SONA, in the flesh

There were two SONAs (State of the Nation Address) which I was fortunate enough to witness in the flesh, in the August session hall of the Batasang Pambansa in Quezon City. I was then the Secretary of the Department of Tourism, appointed by Pres. Joseph E. Estrada.

The SONA is a solemn, ceremonious annual event where the nation’s lawmakers in the company of the Cabinet, the Diplomatic Corp, heads of numerous government corporations, leaders of churches and congregations, eminent members of the private sector are gathered, by invitation, to listen to the President’s report about his/her achievements and future objectives. Unwittingly, It is also an annual fashion extravaganza that belies poverty in the Philippines

Not everyone is invited to the SONA, the gates are closed to those who live the nation’s problems in the flesh. Avowed activists of the labor, transportation, educational and agricultural sectors, militant NGOs of indigent masses are never invited to vent their own views of the state of this nation.

The president and entourage are usually flown to the Batasan in government aircraft while others are chauffeured in official vehicles with bodyguards. Tri-media practitioners are given strategic places and vantage points, they make ambush interviews, record sound bytes, and snap unguarded moments. It must be more fun now with iPhones, tablets, selfies, etc. My fellow cabinet members used to tease, “ If you want press coverage, stand beside Gemma.”

President Ferdinand R. Marcos, Jr, (PBBM) delivered his second SONA on 24 July. Because of his youth and experience with local government (as governor of Ilocos Norte), I was hoping he would establish a trend by unabashedly acknowledging the gravest problem we face as a nation, before heralding the accomplishments of his two years in office.

Frankly, I wanted PBBM to start by saying something like this: There are disturbing reports about Filipino children whom Dr. Jose Rizal called the hope of the Fatherland. In the first two years of their lives, 12.3 percent are underweight while 7.2 percent are already wasted. In the medical sense, wasting is acute malnutrition caused by periods of undernutrition, lack of sanitation that results in wastage of muscles and fat tissues; a malnourished and wasted child is also a stunted child, his height-to-weight ratio is below accepted standards. What about the child’s brain? These go beyond health problems. These are socio- economic issues caused by dire poverty.
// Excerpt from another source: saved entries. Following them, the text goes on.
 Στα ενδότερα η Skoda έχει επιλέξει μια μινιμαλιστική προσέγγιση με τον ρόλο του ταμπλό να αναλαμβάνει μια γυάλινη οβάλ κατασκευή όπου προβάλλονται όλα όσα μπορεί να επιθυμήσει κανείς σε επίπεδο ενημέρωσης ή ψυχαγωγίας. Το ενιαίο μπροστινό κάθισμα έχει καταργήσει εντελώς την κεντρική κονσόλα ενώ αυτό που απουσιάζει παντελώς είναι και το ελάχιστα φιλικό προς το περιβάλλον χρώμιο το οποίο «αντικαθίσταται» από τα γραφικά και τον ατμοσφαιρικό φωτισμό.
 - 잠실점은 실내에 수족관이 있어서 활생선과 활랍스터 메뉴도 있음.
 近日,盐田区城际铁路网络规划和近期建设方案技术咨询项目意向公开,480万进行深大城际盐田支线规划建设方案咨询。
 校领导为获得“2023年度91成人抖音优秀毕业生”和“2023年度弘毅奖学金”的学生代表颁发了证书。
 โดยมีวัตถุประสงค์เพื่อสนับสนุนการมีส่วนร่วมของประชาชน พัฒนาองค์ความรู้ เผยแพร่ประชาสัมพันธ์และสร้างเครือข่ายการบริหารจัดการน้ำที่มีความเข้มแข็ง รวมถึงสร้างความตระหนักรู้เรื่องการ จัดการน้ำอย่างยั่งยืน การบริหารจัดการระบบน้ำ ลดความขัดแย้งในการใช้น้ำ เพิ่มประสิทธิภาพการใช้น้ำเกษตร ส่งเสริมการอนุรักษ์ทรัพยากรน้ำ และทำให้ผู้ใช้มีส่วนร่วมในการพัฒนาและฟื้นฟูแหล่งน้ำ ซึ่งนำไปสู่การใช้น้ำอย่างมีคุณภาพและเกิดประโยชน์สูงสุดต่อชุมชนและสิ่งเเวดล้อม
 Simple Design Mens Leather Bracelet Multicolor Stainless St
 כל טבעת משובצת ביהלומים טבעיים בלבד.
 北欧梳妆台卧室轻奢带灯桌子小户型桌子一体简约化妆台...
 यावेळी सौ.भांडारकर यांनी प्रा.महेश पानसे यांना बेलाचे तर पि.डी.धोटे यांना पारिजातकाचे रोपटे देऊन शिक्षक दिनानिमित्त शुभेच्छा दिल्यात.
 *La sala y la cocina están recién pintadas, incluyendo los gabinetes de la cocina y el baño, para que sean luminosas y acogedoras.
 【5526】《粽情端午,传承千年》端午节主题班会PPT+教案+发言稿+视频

The 2020 Census conducted by the Philippine Statistics Authority revealed that 11 million children aged 0 to 4 are malnourished, stunted and wasted. The DOH reported that 21.6 percent of infants and toddlers are stunted and that this had plateaued in the last ten years. The other end of the spectrum is obesity, strangely enough. With no access to nutritious food, children who are now physically inactive are given junk food so they become obese. If it is any consolation, Indonesia, Malaysia and Thailand have the same malnutrition and obesity problems. Most of the 17 million stunted children of the Asian region live in the Philippines and Indonesia; 49 percent subsist in rural areas while the rest dwell in urban centers. That is why I decided to take the helm of the Department of Agriculture because malnutrition, stunting and wasting are socio-economic problems that have to be addressed not only by the President’s Office but other departments of the government.
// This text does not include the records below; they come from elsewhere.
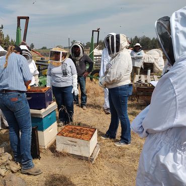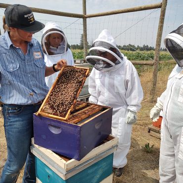 For safety and comfort, wear long sleeves, pants, and close-toed shoes. We’ll provide beekeeping veils, bee suits, or jackets for those who want to participate in the hive inspection.
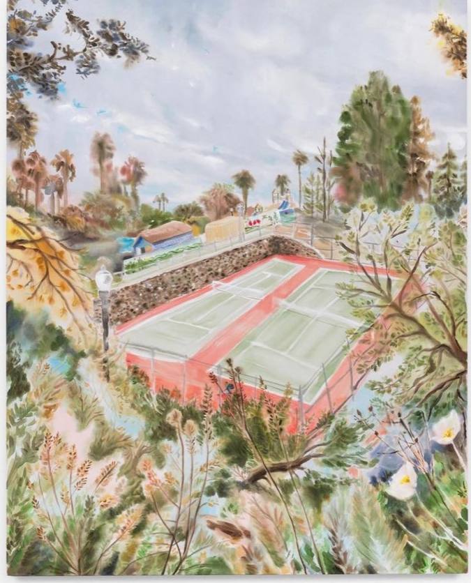 В противовес ей, а, может, в дополнение – работа Джейка Шейнера (Jake Sheiner), изображающая те же корты, но уже наполненные солнцем, цветами и цветом! Джейк Шейнер — художник из Лос-Анджелеса. В 2008 году он получил степень BFA в Школе искусств Института Чикаго. У этого художника есть серия работ на тему теннисных кортов, часть из них, представлю на ваш суд.
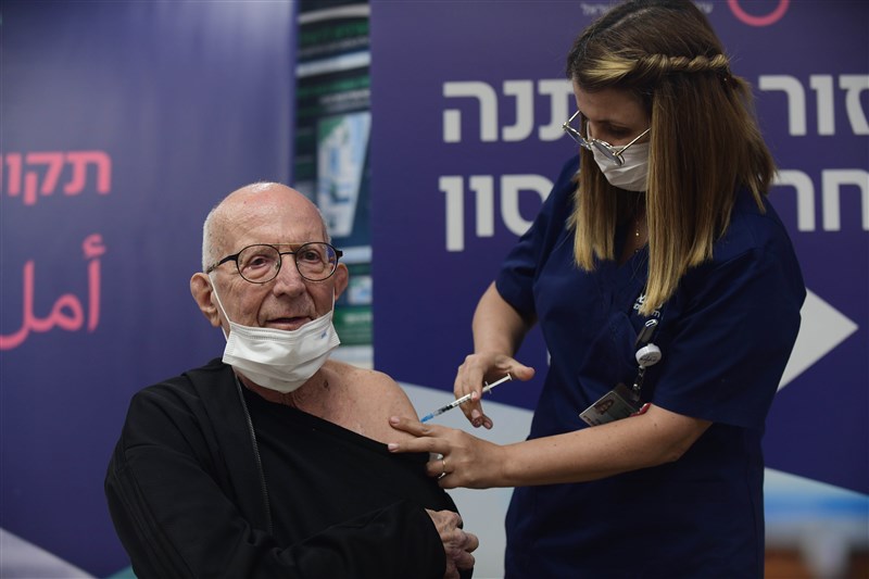 以色列上周批准為療養院內年長者施打第4劑疫苗,圖為去年12月31日以國醫療中心一名長者接種第4劑疫苗。圖/新華社
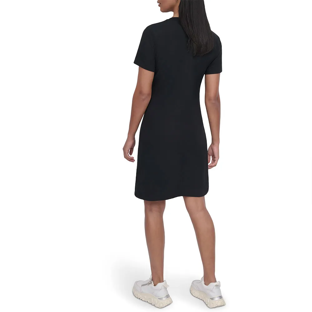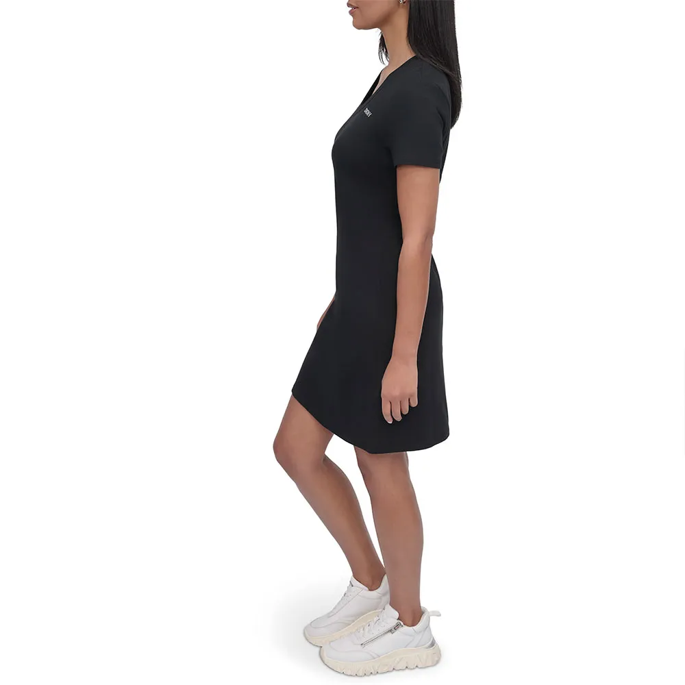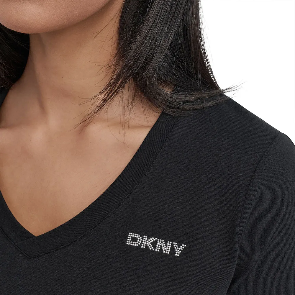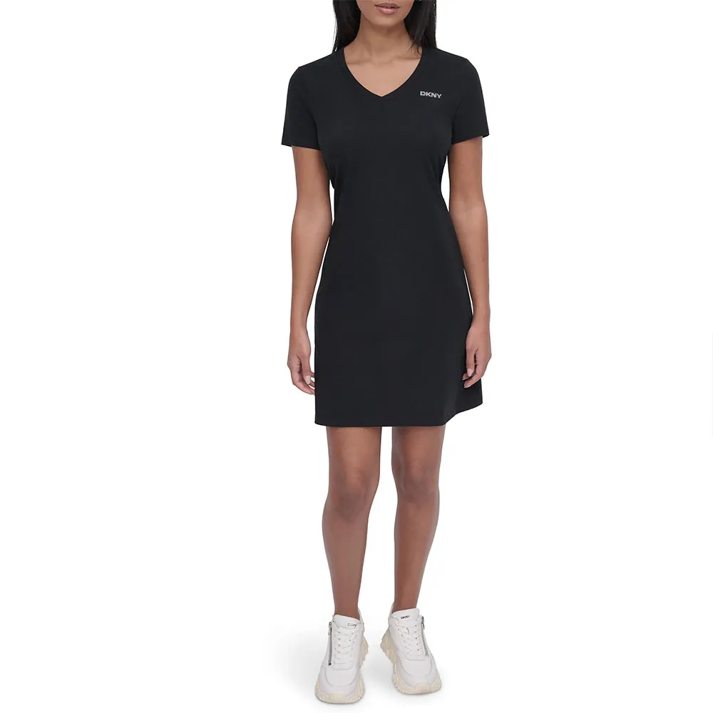 Мини-платье-футболка с V-образным вырезом и короткими рукавами, украшенное логотипом и заклепками.
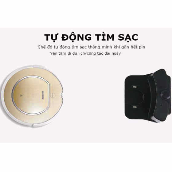 • Khả năng leo 1,5cm. Tự động quay về sạc khi gần hết pin
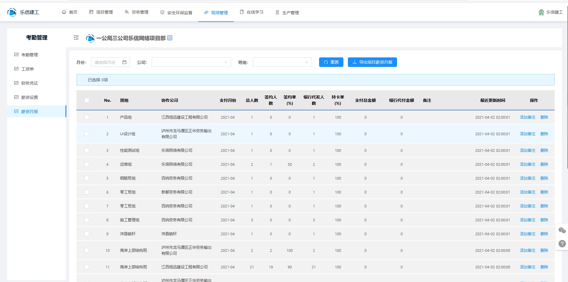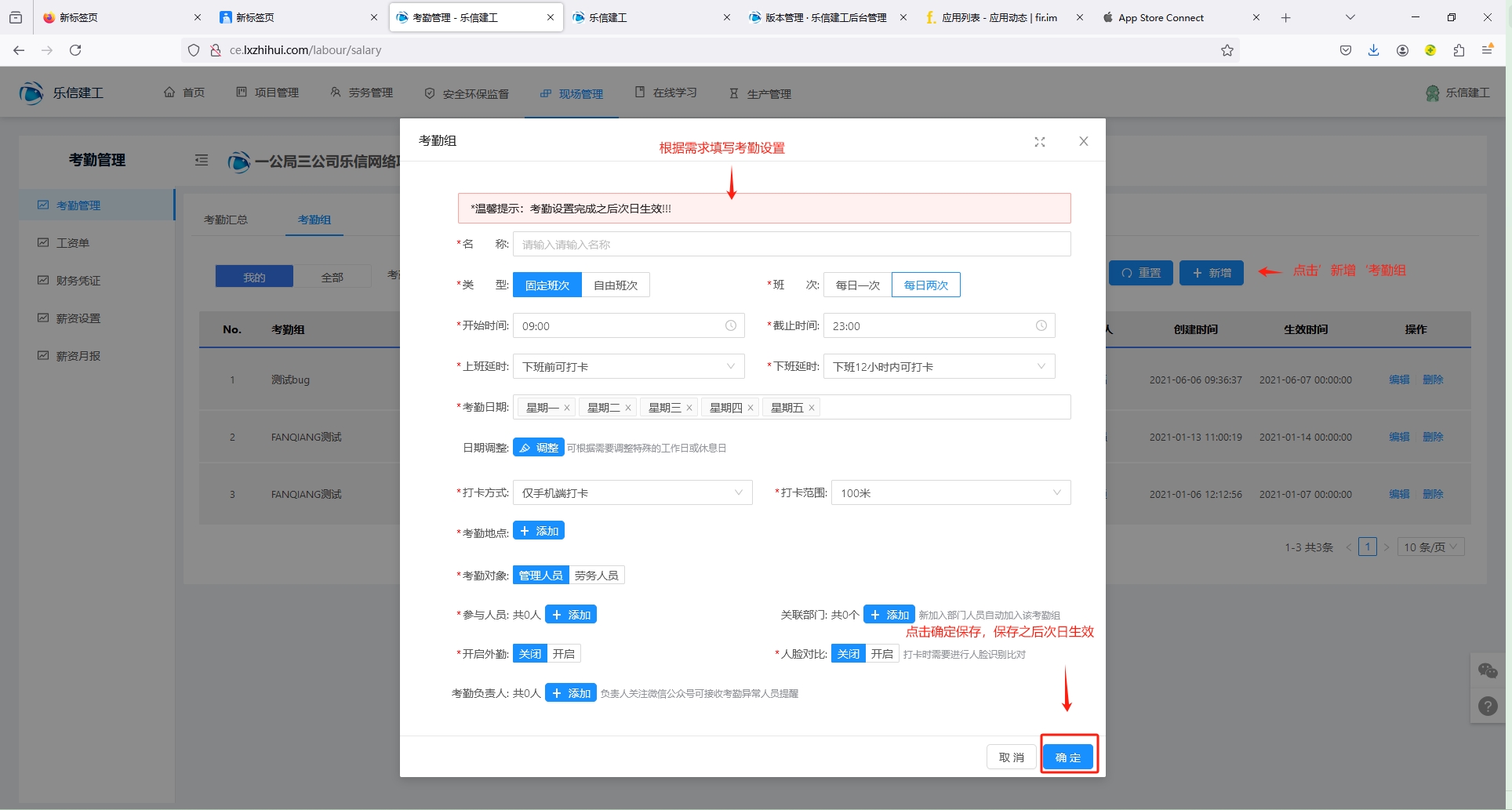 考勤管理包含管理人员和劳务人员考勤汇总,设置考勤组,设置考勤规则。

Had PBBM mentioned our problems first, it would have given more context to his success stories of boosting local agricultural production through the consolidation, modernization, mechanization and improvement of value chains augmented by timely and calibrated importation. In the SONA, he said the Department of Agriculture raised food security by 2.2 percent by using scientific methods, minding the balance of nature so production is sustainable enough to benefit present and future generations. He asked Congress to amend the Fisheries Code to include science-based analysis. By clustering farm and fisheries and livestock multiplier farms, there are already 300 clusters of 900 cooperatives. .PBBM has also revived Kadiwa.

A Department of Water Resources and Management will be created with an allocation of Php 14.6 billion for water supply projects like the 6,000 rainwater collection systems across the country in preparation for El Niño and the first Wawa Bulk Water Supply for the NCR and Rizal province.

The “Build, Better, More” with an initial budget of Php 8.3 trillion is by far the most spectacular of PBBM’s programs as it envisions the physical connectivity of this archipelago not only by farm-to-market roads but by inter-island bridges, a railway system that will take provincial travel to astounding levels, air and maritime ports, more expressways, skyways and a network of subways. That should have a positive impact on the poverty problem. What will PBBM’s third SONA be like?